No project description provided

Project description

ctxai

A semantic code search engine that transforms your codebase into intelligent embeddings for fast, context-aware code retrieval. ctxai uses natural language processing to find code snippets, documentation, and examples through both CLI and MCP Server interfaces.

Available as both an MCP Server and CLI tool, ctxai integrates seamlessly with multi-agent systems and orchestration frameworks, allowing agents to discover relevant code through semantic queries.

TLDR; Intelligent semantic search across your entire codebase

Transform your code into searchable embeddings with advanced chunking and vector database indexing

Quick Start

# 1. Install ctxai
pip install ctxai

# 2. Index your codebase (uses local embeddings by default - no API key needed!)
ctxai index /path/to/your/project "my-project"

# 3. Query your codebase using natural language
ctxai query my-project "Find authentication functions"

# 4. (Optional) Start the web dashboard for interactive exploration
pip install ctxai[dashboard]  # Install FastHTML first
ctxai dashboard  # Open http://localhost:3000

# 5. (Optional) Configure to use OpenAI embeddings for better results
# Edit .ctxai/config.json in your project:
{
  "embedding": {
    "provider": "openai",
    "model": "text-embedding-3-small"
  }
}
# Then set: export OPENAI_API_KEY=your-api-key-here

Features

  • Multiple Embedding Providers: Choose between local (default), OpenAI, or HuggingFace embeddings
  • No API Key Required: Uses local sentence-transformers by default - works offline!
  • MCP Server Integration: Works with any agent that supports MCP protocol (coming soon)
  • Smart Code Search: Converts your code into searchable vectors using AI
  • Natural Language Queries: Find code by describing what you want, not just keywords
  • CLI and Agent Ready: Use from command line or integrate with AI agents
  • Fast Indexing: Quickly processes large codebases with size limits and validation
  • Configurable: Customize embedding providers, chunk sizes, and project limits

Usage

help command

index command

index output

Prerequisites

No API key needed for default local embeddings!

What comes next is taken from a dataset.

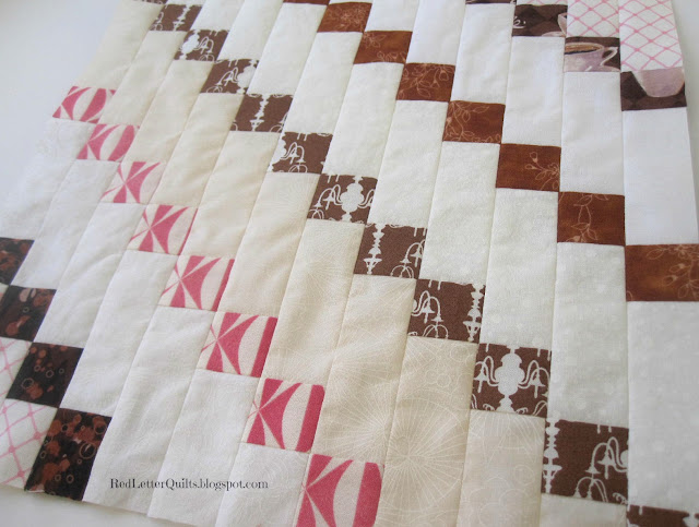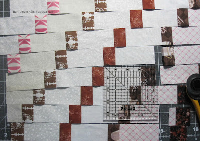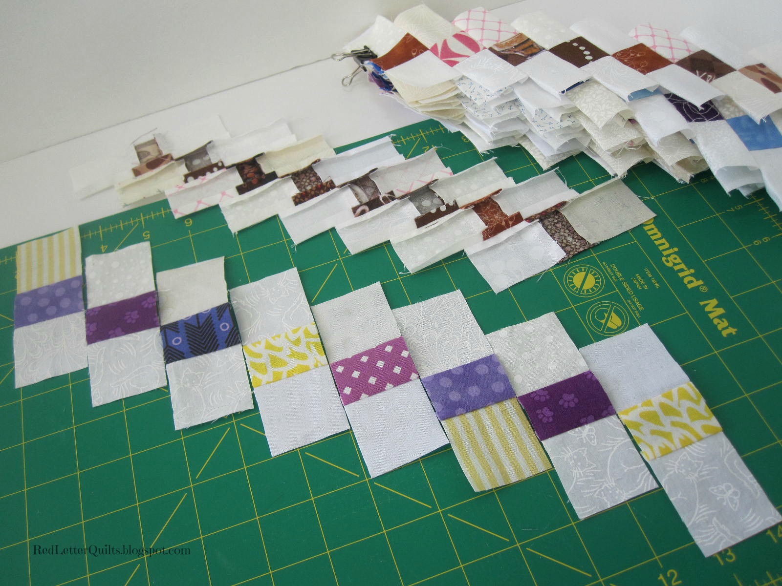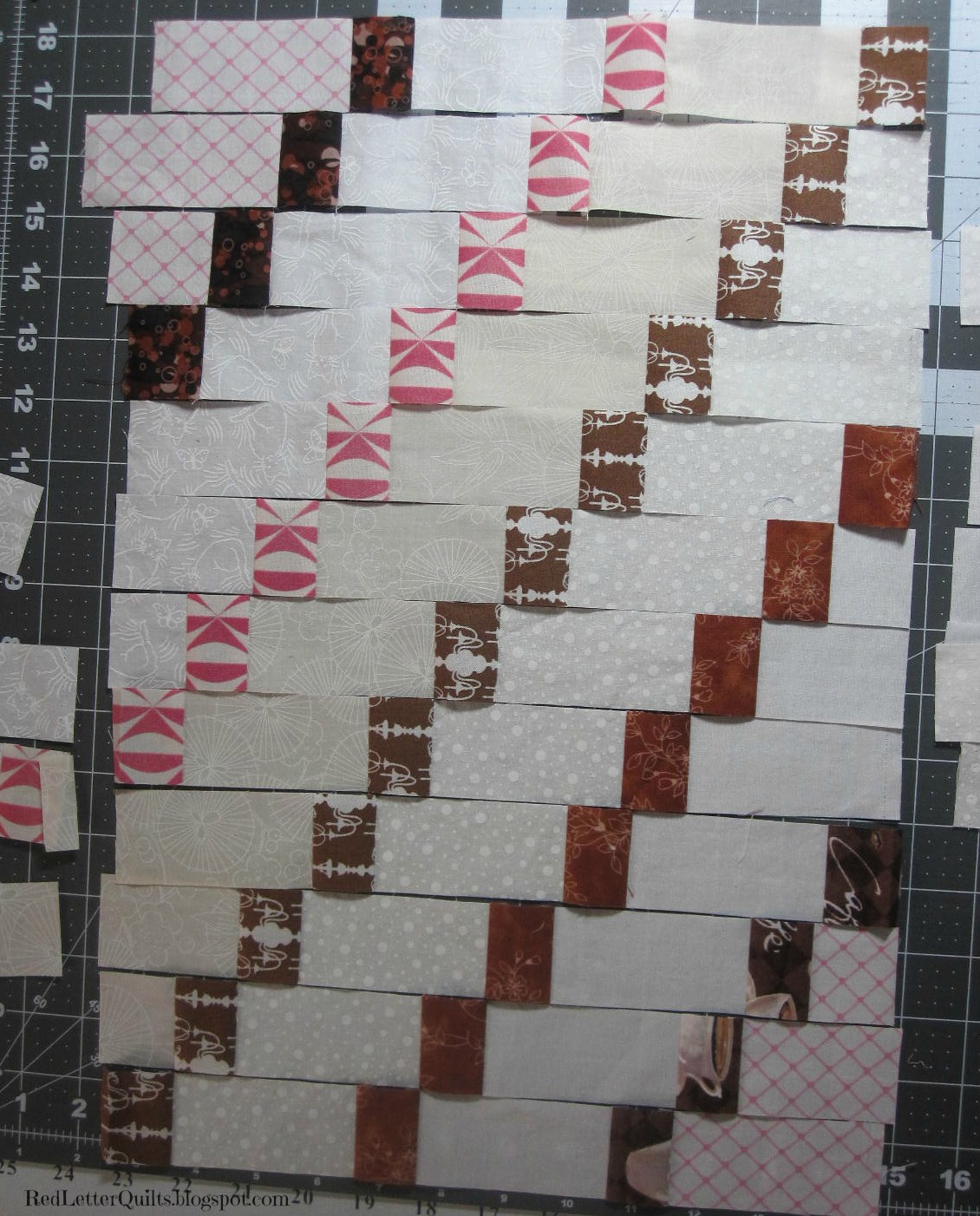 A note about block direction: So far, I am making all my blocks the same direction, sliding the strips to the right as I go up. I may switch later in the year, to make half of my blocks slide to the left)

For OpenAI embeddings (optional, better quality):

export OPENAI_API_KEY=your-api-key-here

Or configure in .ctxai/config.json:

{
  "embedding": {
    "provider": "openai",
    "api_key": "your-api-key-here"
  }
}

Indexing Your Codebase

Index your project to enable semantic search:

# Basic usage
ctxai index /path/to/codebase "index_name"

# With Python module
python -m ctxai index /path/to/codebase "index_name"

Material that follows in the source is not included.